◆ GOAL OF THE EXERCISE: Below are some entries. Repeat exactly the lines from the one with "Cạnh trái của" through the one with "Verbinde mit einer", and only those.

◆ RECORDS TO USE:
"""

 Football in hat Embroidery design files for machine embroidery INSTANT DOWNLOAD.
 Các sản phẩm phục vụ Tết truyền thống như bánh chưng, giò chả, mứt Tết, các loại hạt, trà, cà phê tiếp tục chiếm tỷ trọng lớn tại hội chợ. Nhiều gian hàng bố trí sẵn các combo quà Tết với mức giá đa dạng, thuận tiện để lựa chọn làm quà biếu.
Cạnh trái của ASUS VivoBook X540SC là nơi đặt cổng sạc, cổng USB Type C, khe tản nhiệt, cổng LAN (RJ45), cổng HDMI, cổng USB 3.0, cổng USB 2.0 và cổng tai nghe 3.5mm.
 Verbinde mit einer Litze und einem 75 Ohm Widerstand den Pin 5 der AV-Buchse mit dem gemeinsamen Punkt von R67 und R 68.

"""
"""

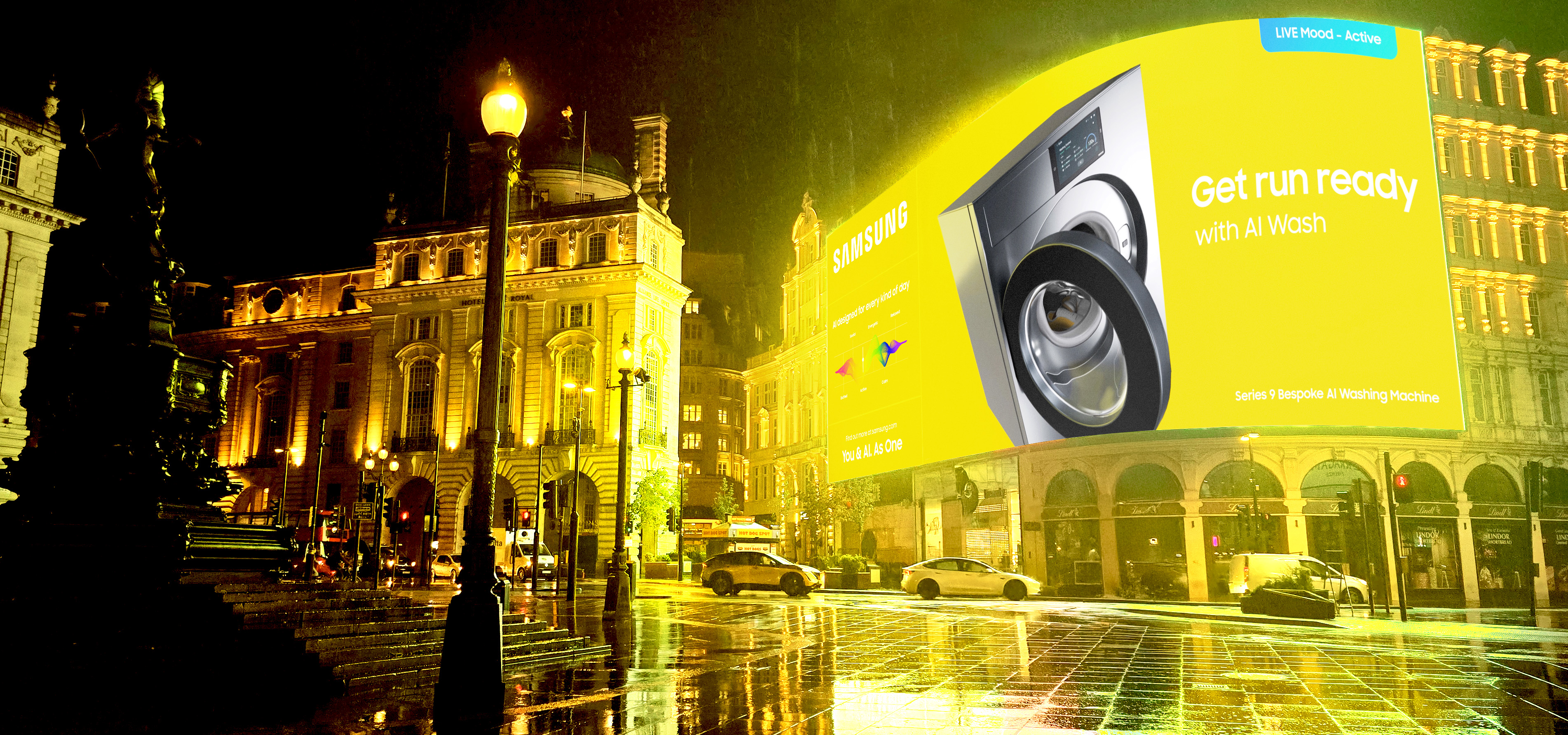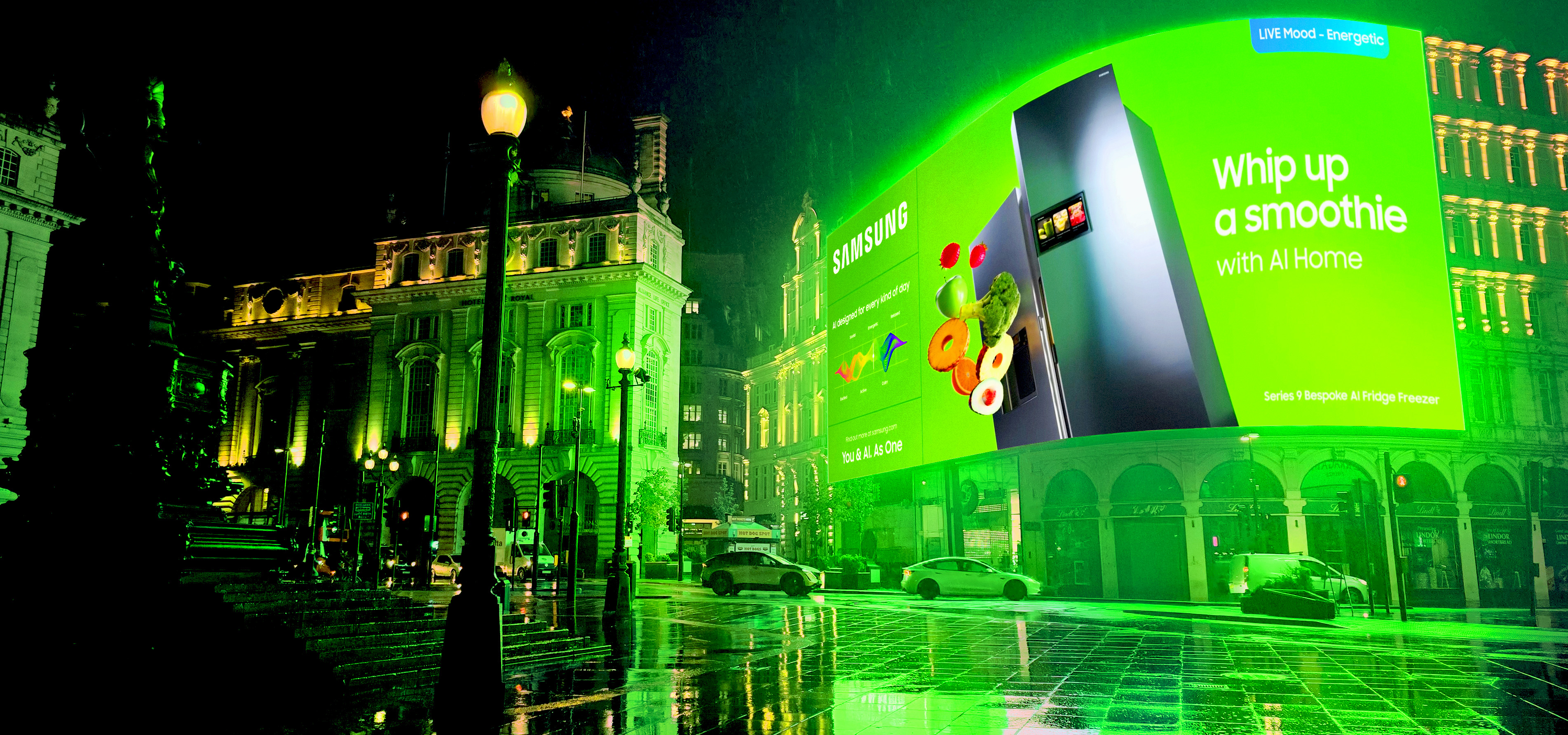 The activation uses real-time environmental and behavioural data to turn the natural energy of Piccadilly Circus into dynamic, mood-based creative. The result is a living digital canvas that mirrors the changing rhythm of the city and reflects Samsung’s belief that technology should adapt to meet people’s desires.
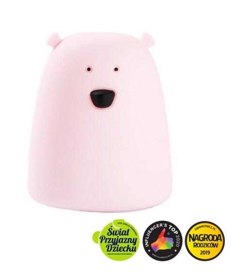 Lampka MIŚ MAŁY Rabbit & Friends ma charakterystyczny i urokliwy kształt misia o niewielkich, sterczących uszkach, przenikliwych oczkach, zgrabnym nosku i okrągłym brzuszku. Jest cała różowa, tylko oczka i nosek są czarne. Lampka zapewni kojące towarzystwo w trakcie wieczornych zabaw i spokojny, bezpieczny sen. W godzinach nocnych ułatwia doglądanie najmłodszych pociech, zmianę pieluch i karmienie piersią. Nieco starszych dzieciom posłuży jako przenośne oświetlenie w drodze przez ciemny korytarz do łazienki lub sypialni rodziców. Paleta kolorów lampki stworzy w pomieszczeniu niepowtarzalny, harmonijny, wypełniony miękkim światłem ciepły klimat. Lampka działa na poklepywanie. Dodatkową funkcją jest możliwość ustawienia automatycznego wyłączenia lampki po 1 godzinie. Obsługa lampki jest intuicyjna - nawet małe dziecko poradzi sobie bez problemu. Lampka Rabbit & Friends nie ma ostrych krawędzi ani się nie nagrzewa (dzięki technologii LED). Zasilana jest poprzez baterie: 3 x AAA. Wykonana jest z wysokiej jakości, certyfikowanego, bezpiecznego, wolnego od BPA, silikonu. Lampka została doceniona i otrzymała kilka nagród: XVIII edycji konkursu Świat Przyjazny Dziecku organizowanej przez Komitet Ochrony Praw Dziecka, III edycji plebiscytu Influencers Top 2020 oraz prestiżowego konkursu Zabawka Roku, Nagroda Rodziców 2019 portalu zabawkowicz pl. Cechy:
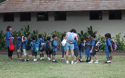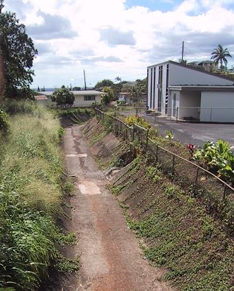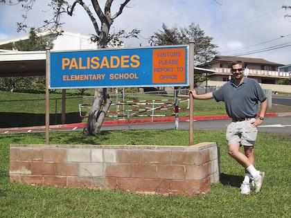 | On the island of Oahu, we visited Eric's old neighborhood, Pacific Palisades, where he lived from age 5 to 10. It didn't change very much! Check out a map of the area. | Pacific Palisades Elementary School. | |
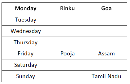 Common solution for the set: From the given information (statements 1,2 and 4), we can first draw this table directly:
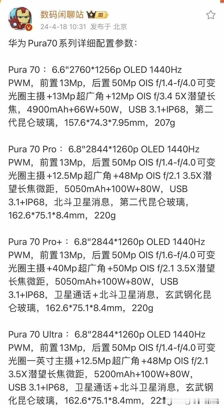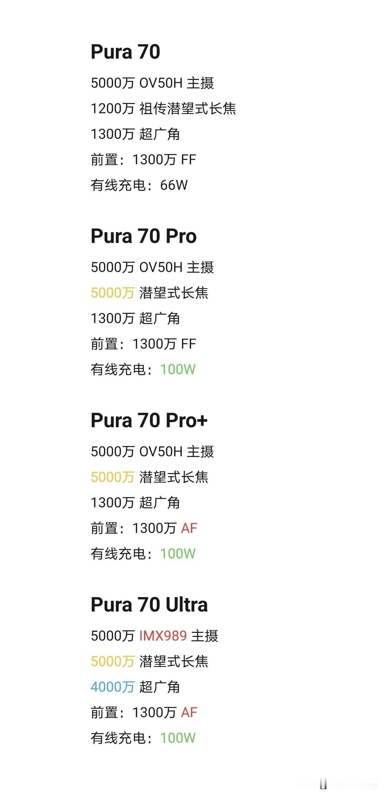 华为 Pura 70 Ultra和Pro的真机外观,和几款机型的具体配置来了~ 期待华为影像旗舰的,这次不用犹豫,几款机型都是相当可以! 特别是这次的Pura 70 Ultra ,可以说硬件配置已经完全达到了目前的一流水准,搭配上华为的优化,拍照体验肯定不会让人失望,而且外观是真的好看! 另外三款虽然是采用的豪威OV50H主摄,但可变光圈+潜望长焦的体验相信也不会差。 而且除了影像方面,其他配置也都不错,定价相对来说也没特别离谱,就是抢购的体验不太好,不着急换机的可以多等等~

"""

◆ SOLUTION BELOW:
Cạnh trái của ASUS VivoBook X540SC là nơi đặt cổng sạc, cổng USB Type C, khe tản nhiệt, cổng LAN (RJ45), cổng HDMI, cổng USB 3.0, cổng USB 2.0 và cổng tai nghe 3.5mm.
 Verbinde mit einer Litze und einem 75 Ohm Widerstand den Pin 5 der AV-Buchse mit dem gemeinsamen Punkt von R67 und R 68.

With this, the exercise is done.